TASK BRIEF => Everything in the listing below should be repeated exactly, apart from the pictures.

*** Opening of RECORDS FOR PROCESSING ***

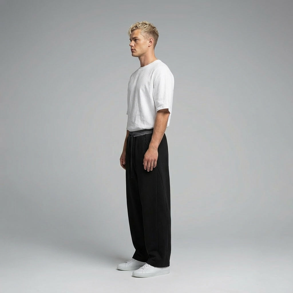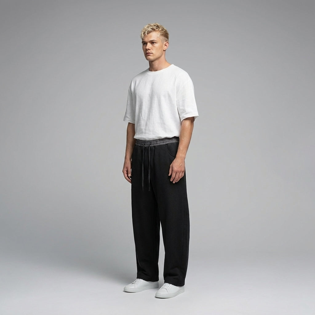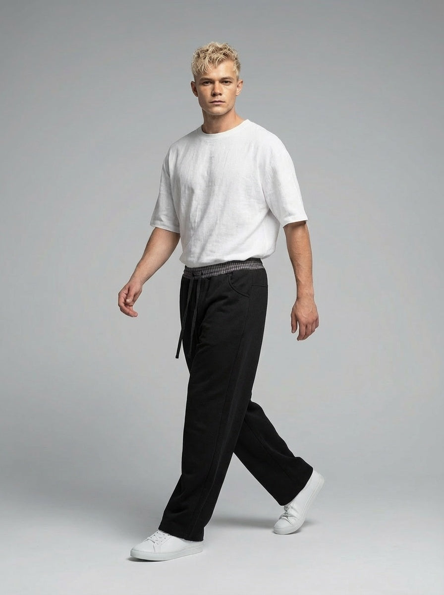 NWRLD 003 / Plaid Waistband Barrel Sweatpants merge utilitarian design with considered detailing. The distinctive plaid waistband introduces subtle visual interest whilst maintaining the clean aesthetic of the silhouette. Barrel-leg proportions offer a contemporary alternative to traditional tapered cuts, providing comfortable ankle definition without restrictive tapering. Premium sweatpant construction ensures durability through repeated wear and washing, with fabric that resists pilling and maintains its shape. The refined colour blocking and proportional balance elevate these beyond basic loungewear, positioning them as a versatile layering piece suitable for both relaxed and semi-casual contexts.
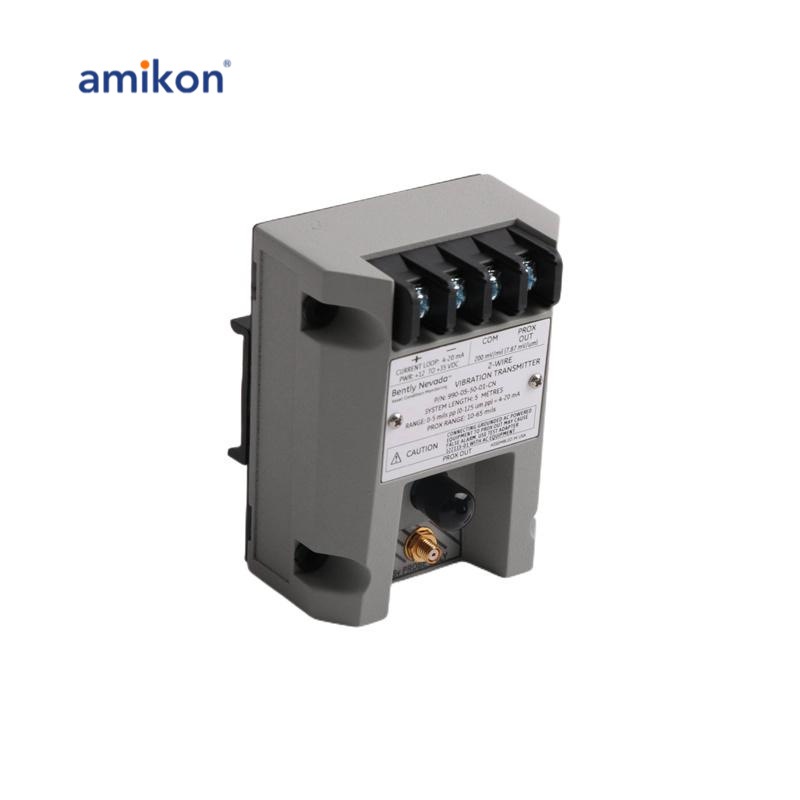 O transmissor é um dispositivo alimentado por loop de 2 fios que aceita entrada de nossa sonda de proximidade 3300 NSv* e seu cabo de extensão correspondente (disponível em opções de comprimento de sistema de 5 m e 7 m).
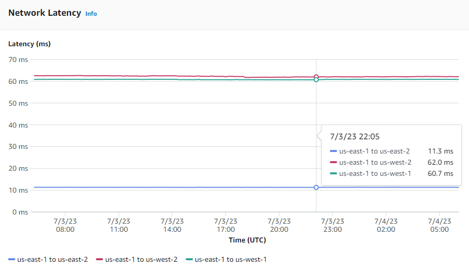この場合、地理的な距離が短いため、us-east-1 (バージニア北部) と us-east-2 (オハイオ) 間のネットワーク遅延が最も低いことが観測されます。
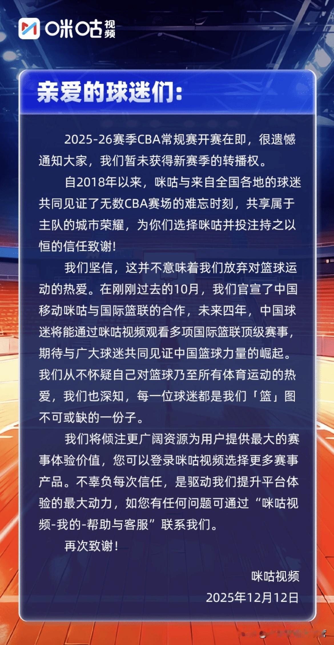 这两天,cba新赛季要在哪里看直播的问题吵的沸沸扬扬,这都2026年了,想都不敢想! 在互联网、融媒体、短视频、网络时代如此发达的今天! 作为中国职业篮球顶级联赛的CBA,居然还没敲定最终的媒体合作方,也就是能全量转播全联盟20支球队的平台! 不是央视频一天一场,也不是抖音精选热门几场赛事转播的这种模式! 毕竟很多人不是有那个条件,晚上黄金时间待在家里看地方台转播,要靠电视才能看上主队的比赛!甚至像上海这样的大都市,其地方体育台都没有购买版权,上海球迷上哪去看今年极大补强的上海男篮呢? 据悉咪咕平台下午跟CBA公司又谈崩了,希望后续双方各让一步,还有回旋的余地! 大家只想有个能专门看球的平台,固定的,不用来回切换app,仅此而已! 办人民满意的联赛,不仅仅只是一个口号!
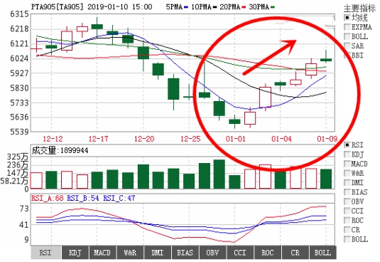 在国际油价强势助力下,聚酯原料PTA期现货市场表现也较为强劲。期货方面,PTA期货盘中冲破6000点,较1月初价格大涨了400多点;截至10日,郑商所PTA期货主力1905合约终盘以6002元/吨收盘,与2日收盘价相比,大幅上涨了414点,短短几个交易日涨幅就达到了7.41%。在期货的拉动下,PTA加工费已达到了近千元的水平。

*** Close of RECORDS FOR PROCESSING ***

TASK RESPONSE =>
 NWRLD 003 / Plaid Waistband Barrel Sweatpants merge utilitarian design with considered detailing. The distinctive plaid waistband introduces subtle visual interest whilst maintaining the clean aesthetic of the silhouette. Barrel-leg proportions offer a contemporary alternative to traditional tapered cuts, providing comfortable ankle definition without restrictive tapering. Premium sweatpant construction ensures durability through repeated wear and washing, with fabric that resists pilling and maintains its shape. The refined colour blocking and proportional balance elevate these beyond basic loungewear, positioning them as a versatile layering piece suitable for both relaxed and semi-casual contexts.
 O transmissor é um dispositivo alimentado por loop de 2 fios que aceita entrada de nossa sonda de proximidade 3300 NSv* e seu cabo de extensão correspondente (disponível em opções de comprimento de sistema de 5 m e 7 m).
この場合、地理的な距離が短いため、us-east-1 (バージニア北部) と us-east-2 (オハイオ) 間のネットワーク遅延が最も低いことが観測されます。
 这两天,cba新赛季要在哪里看直播的问题吵的沸沸扬扬,这都2026年了,想都不敢想! 在互联网、融媒体、短视频、网络时代如此发达的今天! 作为中国职业篮球顶级联赛的CBA,居然还没敲定最终的媒体合作方,也就是能全量转播全联盟20支球队的平台! 不是央视频一天一场,也不是抖音精选热门几场赛事转播的这种模式! 毕竟很多人不是有那个条件,晚上黄金时间待在家里看地方台转播,要靠电视才能看上主队的比赛!甚至像上海这样的大都市,其地方体育台都没有购买版权,上海球迷上哪去看今年极大补强的上海男篮呢? 据悉咪咕平台下午跟CBA公司又谈崩了,希望后续双方各让一步,还有回旋的余地! 大家只想有个能专门看球的平台,固定的,不用来回切换app,仅此而已! 办人民满意的联赛,不仅仅只是一个口号!
 在国际油价强势助力下,聚酯原料PTA期现货市场表现也较为强劲。期货方面,PTA期货盘中冲破6000点,较1月初价格大涨了400多点;截至10日,郑商所PTA期货主力1905合约终盘以6002元/吨收盘,与2日收盘价相比,大幅上涨了414点,短短几个交易日涨幅就达到了7.41%。在期货的拉动下,PTA加工费已达到了近千元的水平。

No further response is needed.